Recorded data

= = =

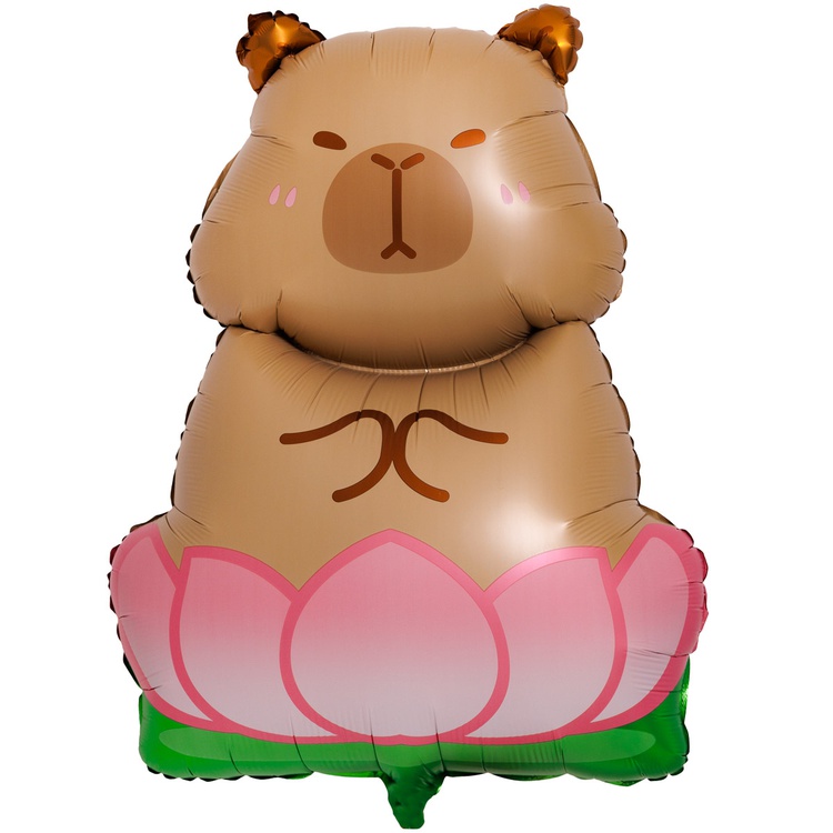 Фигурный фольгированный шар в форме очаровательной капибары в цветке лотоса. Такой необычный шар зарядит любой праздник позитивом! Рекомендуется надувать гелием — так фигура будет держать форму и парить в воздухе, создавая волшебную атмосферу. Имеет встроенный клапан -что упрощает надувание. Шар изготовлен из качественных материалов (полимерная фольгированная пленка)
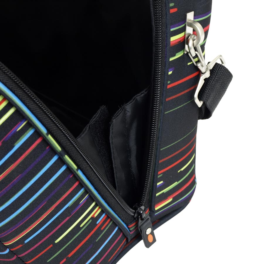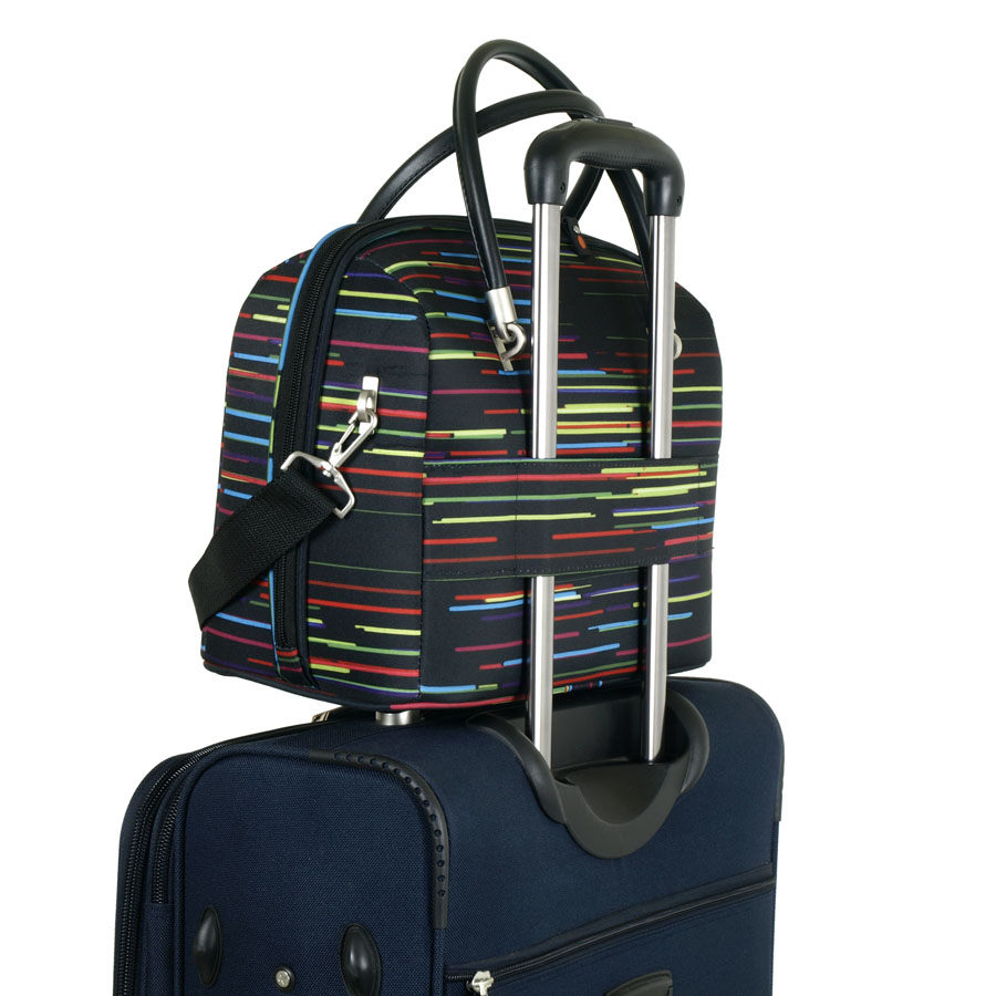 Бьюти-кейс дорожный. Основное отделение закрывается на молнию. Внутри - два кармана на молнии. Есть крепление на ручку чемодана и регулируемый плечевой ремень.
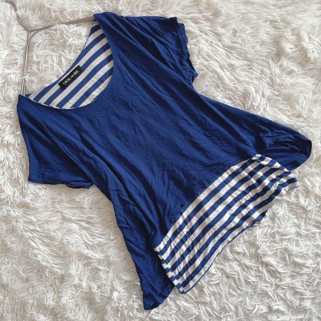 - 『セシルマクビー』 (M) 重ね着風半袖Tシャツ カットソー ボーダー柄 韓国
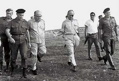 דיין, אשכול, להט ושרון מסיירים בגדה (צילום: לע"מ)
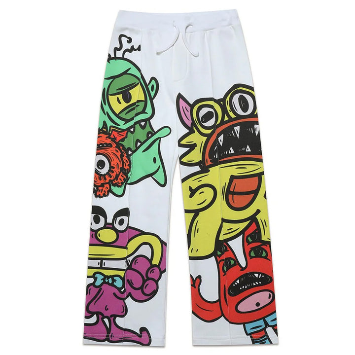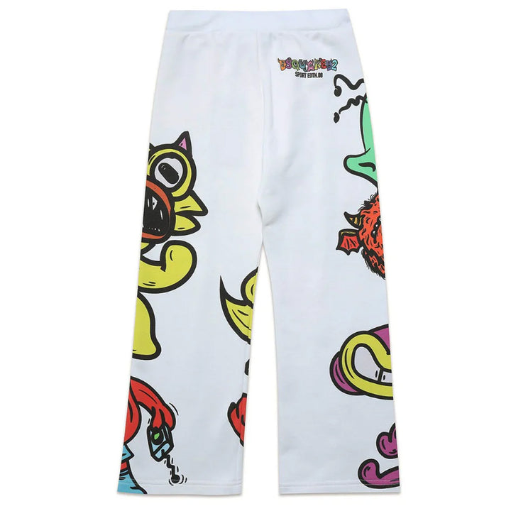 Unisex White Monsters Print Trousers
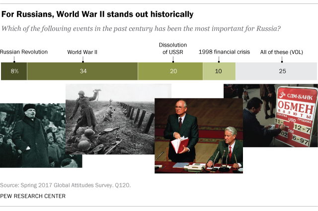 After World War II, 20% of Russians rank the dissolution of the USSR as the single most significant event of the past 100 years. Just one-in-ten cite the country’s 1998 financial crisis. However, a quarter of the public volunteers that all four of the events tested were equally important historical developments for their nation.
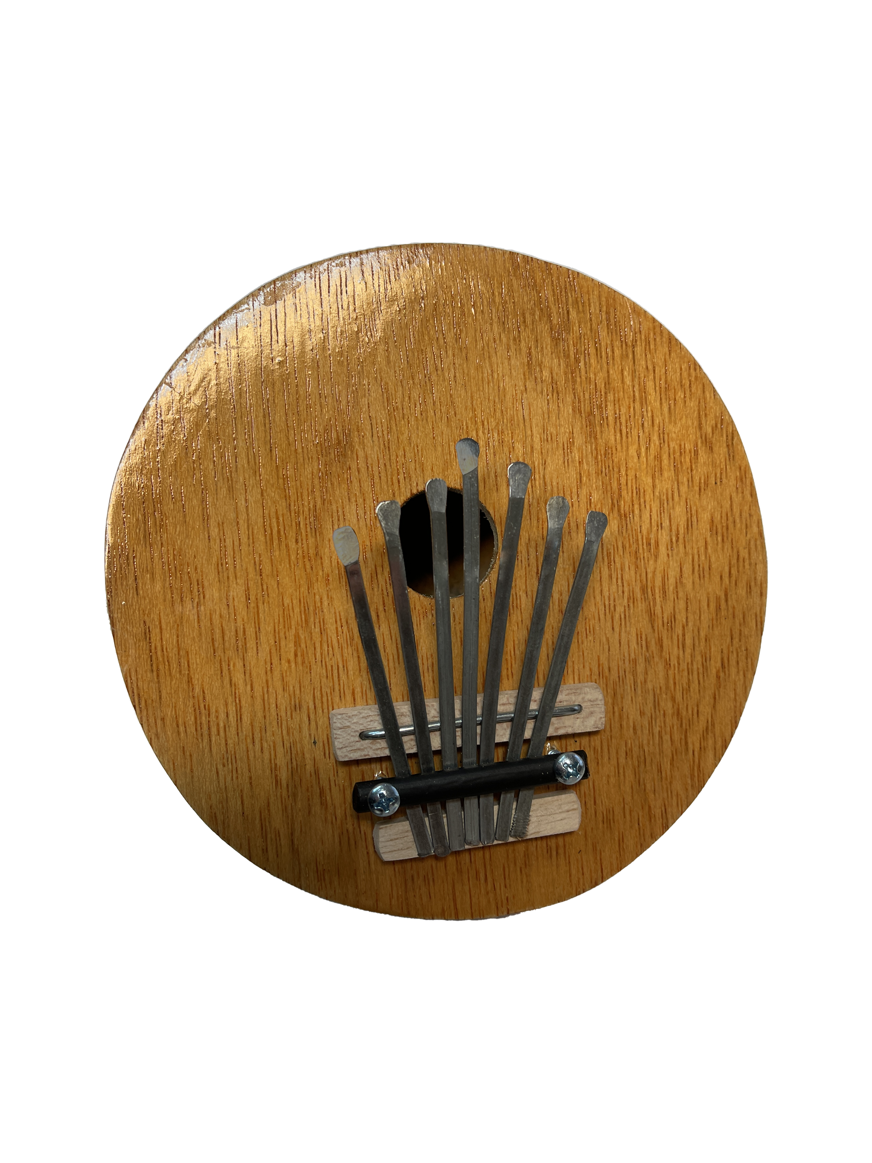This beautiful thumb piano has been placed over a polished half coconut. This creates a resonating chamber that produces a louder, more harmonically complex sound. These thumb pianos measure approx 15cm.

= = =

The problem: Print the data above exactly; drop every picture.

Reply to the task:
 Фигурный фольгированный шар в форме очаровательной капибары в цветке лотоса. Такой необычный шар зарядит любой праздник позитивом! Рекомендуется надувать гелием — так фигура будет держать форму и парить в воздухе, создавая волшебную атмосферу. Имеет встроенный клапан -что упрощает надувание. Шар изготовлен из качественных материалов (полимерная фольгированная пленка)
 Бьюти-кейс дорожный. Основное отделение закрывается на молнию. Внутри - два кармана на молнии. Есть крепление на ручку чемодана и регулируемый плечевой ремень.
 - 『セシルマクビー』 (M) 重ね着風半袖Tシャツ カットソー ボーダー柄 韓国
 דיין, אשכול, להט ושרון מסיירים בגדה (צילום: לע"מ)
 Unisex White Monsters Print Trousers
 After World War II, 20% of Russians rank the dissolution of the USSR as the single most significant event of the past 100 years. Just one-in-ten cite the country’s 1998 financial crisis. However, a quarter of the public volunteers that all four of the events tested were equally important historical developments for their nation.
This beautiful thumb piano has been placed over a polished half coconut. This creates a resonating chamber that produces a louder, more harmonically complex sound. These thumb pianos measure approx 15cm.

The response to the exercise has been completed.